Con la Modernidad los hombres viajan como elefantes cargados de objetos y orlas, con una carga para el camello que se arrodilla para que sea impuesto su peso, a dónde va el hombre y su sombra, quizá estos sean algunos de los interrogantes que habitan en la cabeza de nuestro joven Raskólnikov, es la carga de la cosificación lo que envuelve al espíritu de la sociedad moderna. Vemos en el caso de Semión Zajárich la mano invisible que se sirve de sus donaciones como una especie de potestad divina, mientras Katerina Ivánovna es el cruce entro lo medio y lo muy bajo de la pirámide social, es el último ensueño del delirio Medieval, es la sombra de la caída del feudo y las pequeñas burguesías. Todos son sujetos de algo, de la enfermedad, de la miseria o de la soledad que impera en el alma de los oprimidos, de los que tensan sus cuerpos para retorcerse y luego despertar siendo viejos e inservibles para el sistema político y económico, son la lacra de un mundo mercantilista y despótico.
El mundo para Raskólnikov es toda una rareza, es decir, la rareza consiste en una pérdida total de sentimientos hacía el otro, hacía lo más sublime: sin duda que por parte de ella La puja por la vida se ha convertido en una expiación de las culpas y de los modelos psicológicos que la nueva sociedad ha venido entablando, dejar correr el río de la existencia misma para represase en oficinas, en fábricas, haciendo de la vida una total anarquía, por así decirlo: la meta del nuevo sistema de valores, los nuevos hombres deben ser mediocres en tanto el aumento de la fuerza laboral así lo requiere. Aunque, Raskólnikov esta por fuera del embrión utilitarista del sistema de la ciudad como modelo de vida, él si se mueve en ella como un autómata, como un virus que debe inocular su veneno hasta desplomarse y reiniciar de nuevo. Las viejas tetras de la familia se hacen de igual modo presente en el alma de nuestro joven amigo, es como si toda la lucha sísifa se hiciera una sola piedra, y esta a su vez en una montaña de interminables brazos que se tiene que recorrer día tras día y noche tras noche hasta el desplome de todos los conceptos morales de la humanidad ahora enciclopedista.

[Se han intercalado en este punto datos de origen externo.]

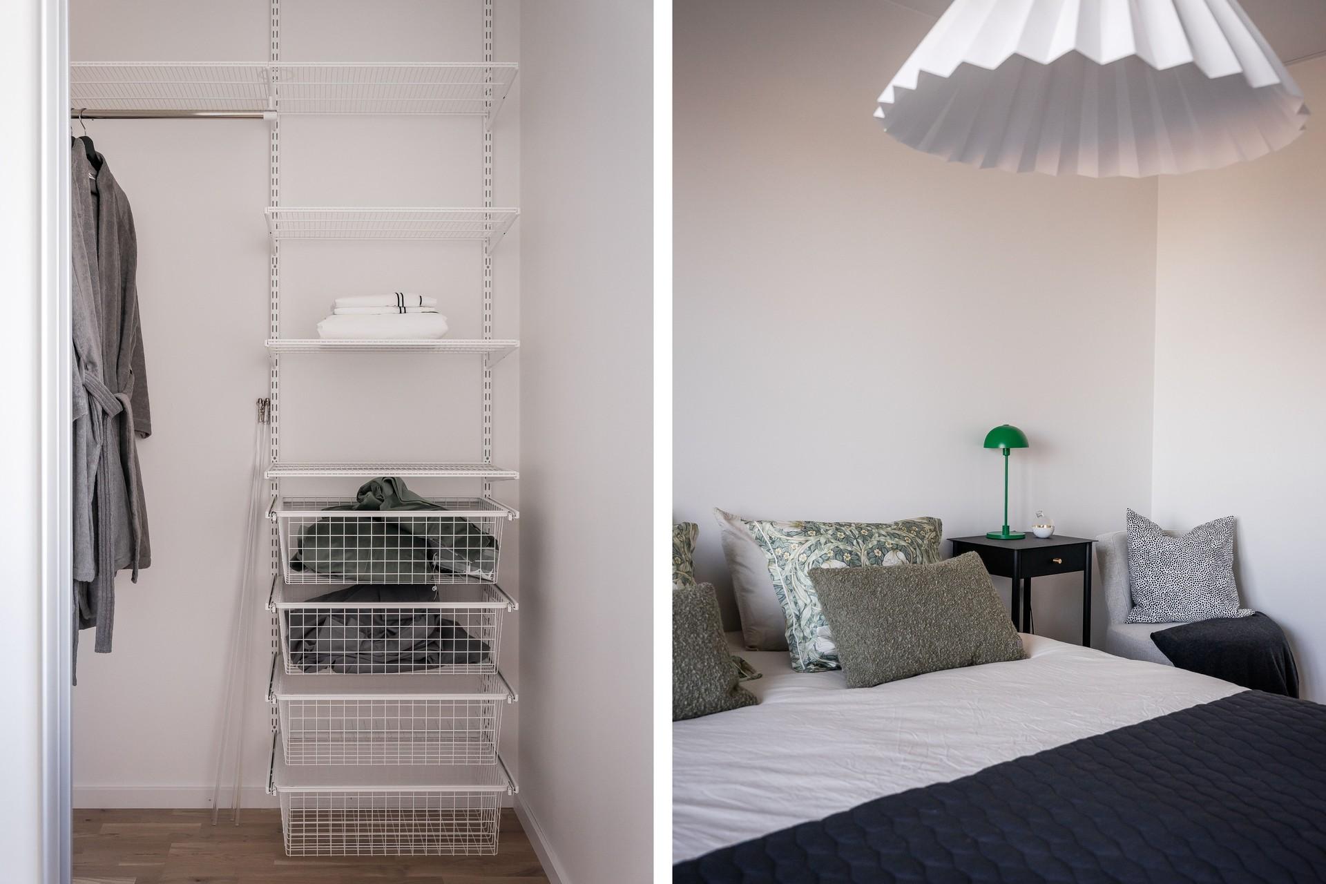 Bostaden är inredd med kök från Vedum i stilren design och vitvaror från Siemens. Köket är utrustat med kyl/frys, induktionshäll och integrerad diskmaskin samt ugn och mikrovågsugn. Helkaklat badrum med inredning från INR och spotlightbelysning i tak. Standarden är hög med JM originalinredning och möjlighet finns att göra tillval för att få en personlig touch. Bra förvaringslösningar med flexibla garderobssystem från Elfa och tillgång till ett förrådsutrymme i källarplan där det även finns cykelparkering.
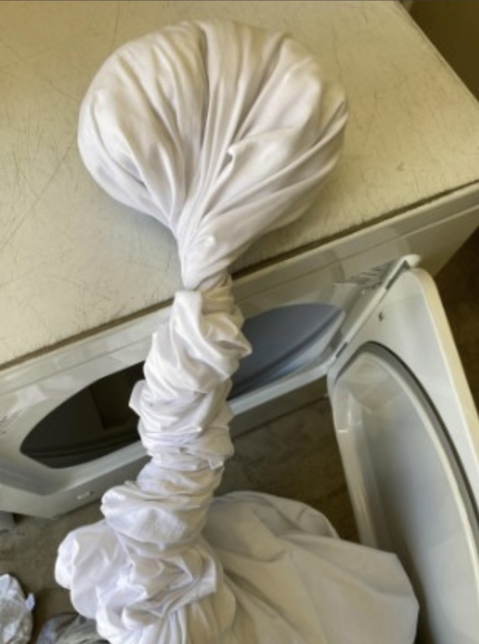• Terwijl de droger draait, verandert die klomp in een grote, gedraaide knoop.
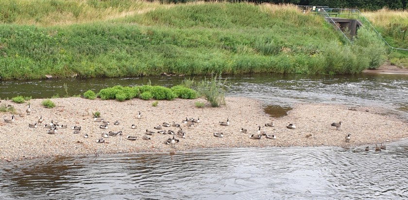 One morning this week, I was woken by what I thought were hundreds of geese flying round and round our house. I’ve no idea how many there were, really, but a couple of days later, we saw quite a few had set up camp on the island in the stream.
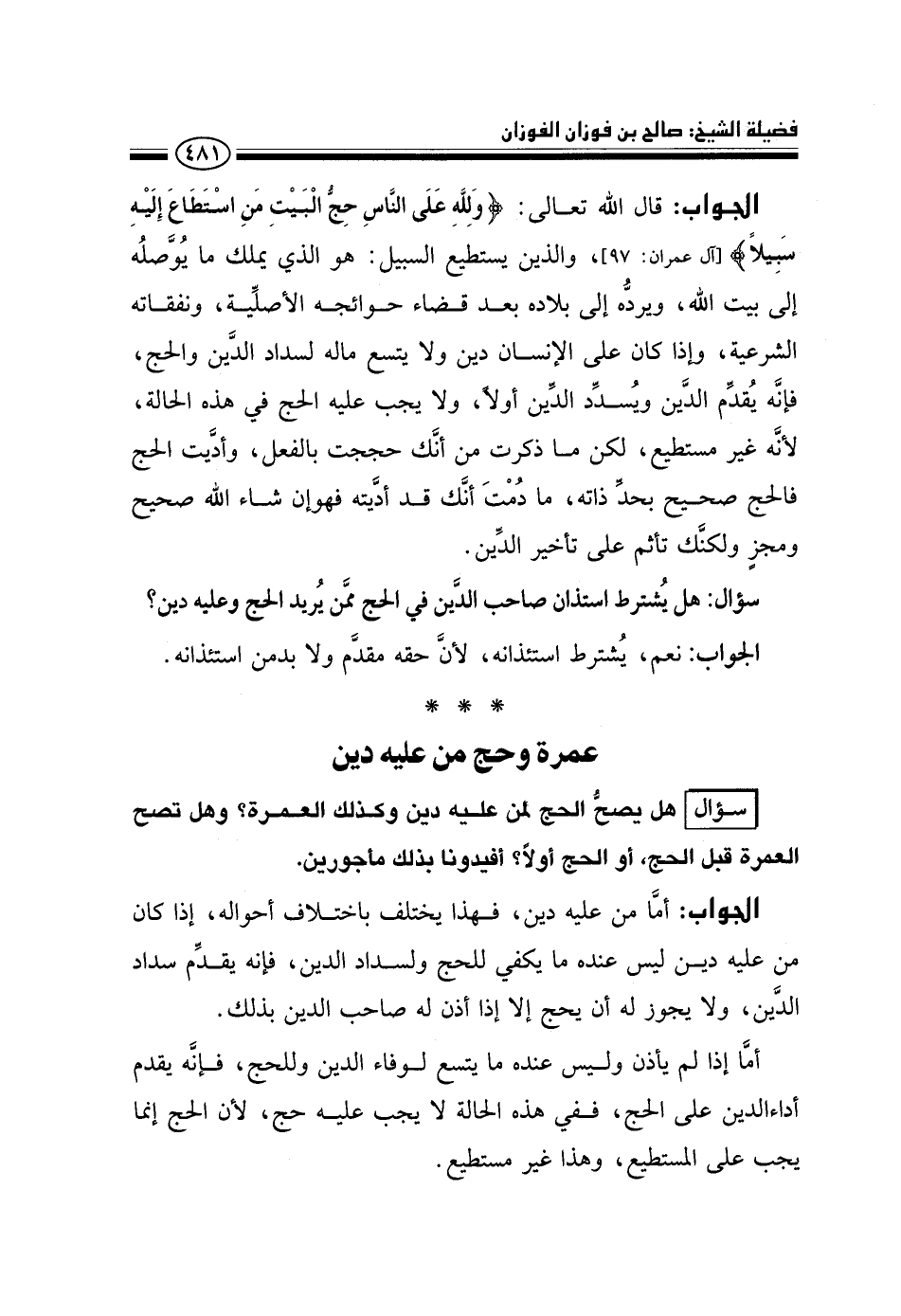 سؤال: هل يشترط استئذان صاحب الدين في الحج ممن يريد الحج وعليه دين؟
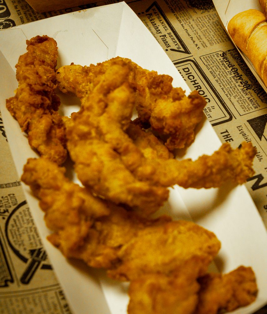 de corral, con salsas (mayosiracha y miel/mostaza)
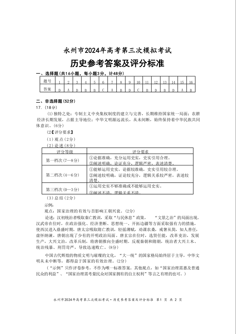 湖南省永州市2024年高三年级高考第三次模拟考试(永州三模)历史答案
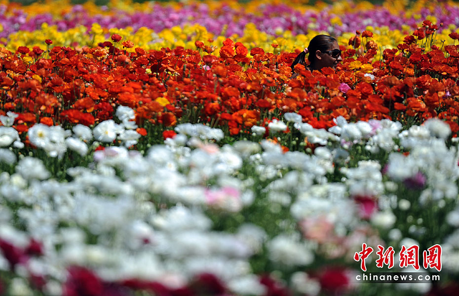 美國(guó)加利福尼亞州圣迭戈的卡爾斯巴德花田近日繁花盛開(kāi),姹紫嫣紅的花朵整齊地鋪滿在五十英畝的土地上,一望無(wú)垠的花海,美不勝收。圖片來(lái)源:中國(guó)新聞網(wǎng)
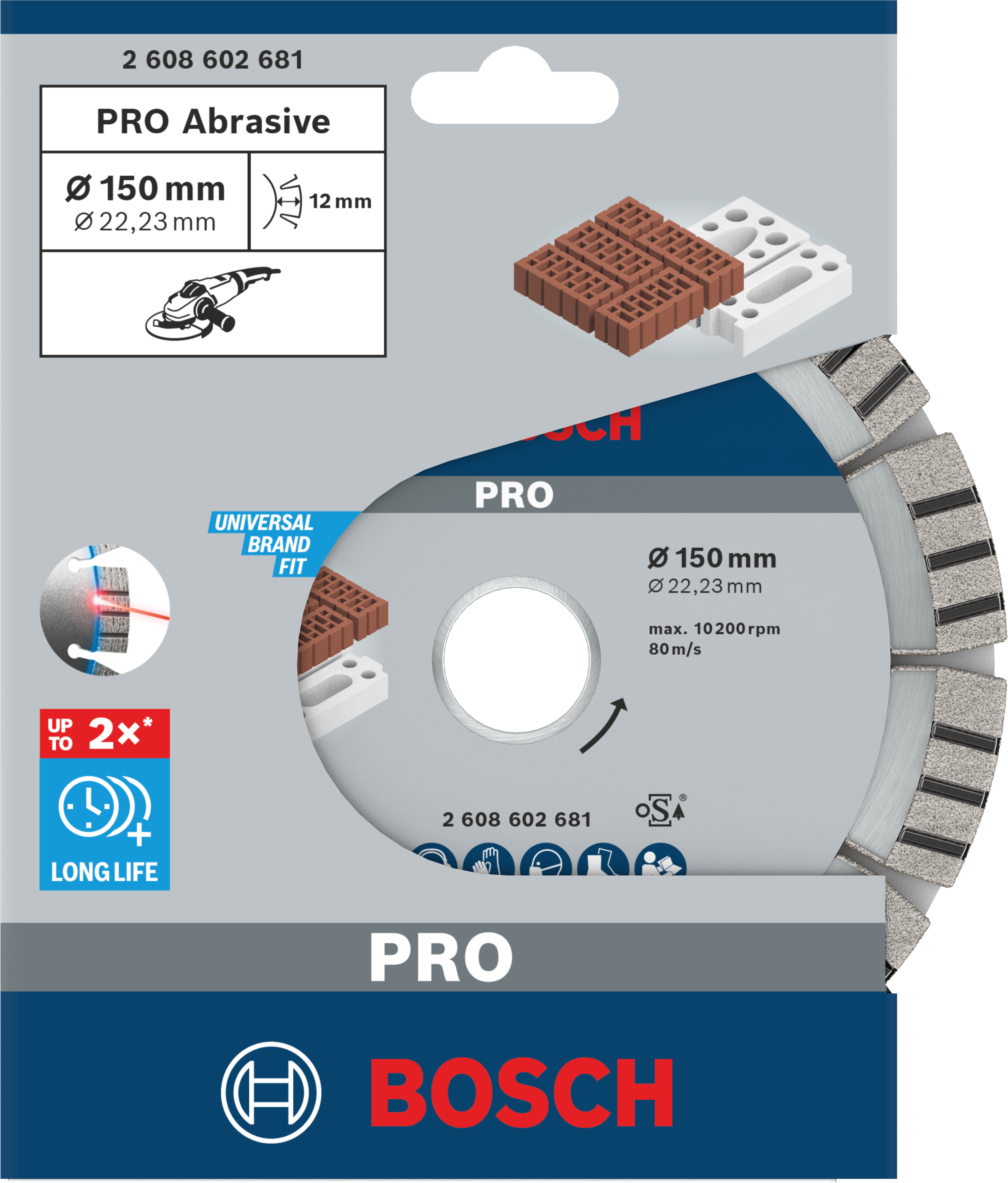 Emballage: 1Marque: BoschRéférence: 2608602681EAN: 3165140581875Description: Disque diamant PRO Abrasive 150x22,23 mm

Si bien el mundo de la vida es ahora una tempestad de murciélagos que se orientan por el ruido de la moral ilustrada, Raskólnikov toma a la mujer como su palanca de acceso en busca de un perdón y de reconcilio con su estadio de la vida, e intenta alejarse del mundo como un Zaratustra para pasar por los estadios del Camello, el León y finalmente vuelve a ser niño en brazos de aquella que lo acoge y lo devuelve al mundo hecho un despojo atomizado por la mundaneidad desarrollista del mercantilismo europeo. Por consiguiente el mundo para el héroe es la casa donde habita el poeta, el demonio y Dios. Lugar donde se fabrican las anti-poesías que dan origen a la locura y en mayor proporción la lujuria como ultimo bastión donde el cuerpo reside y la muerte habita.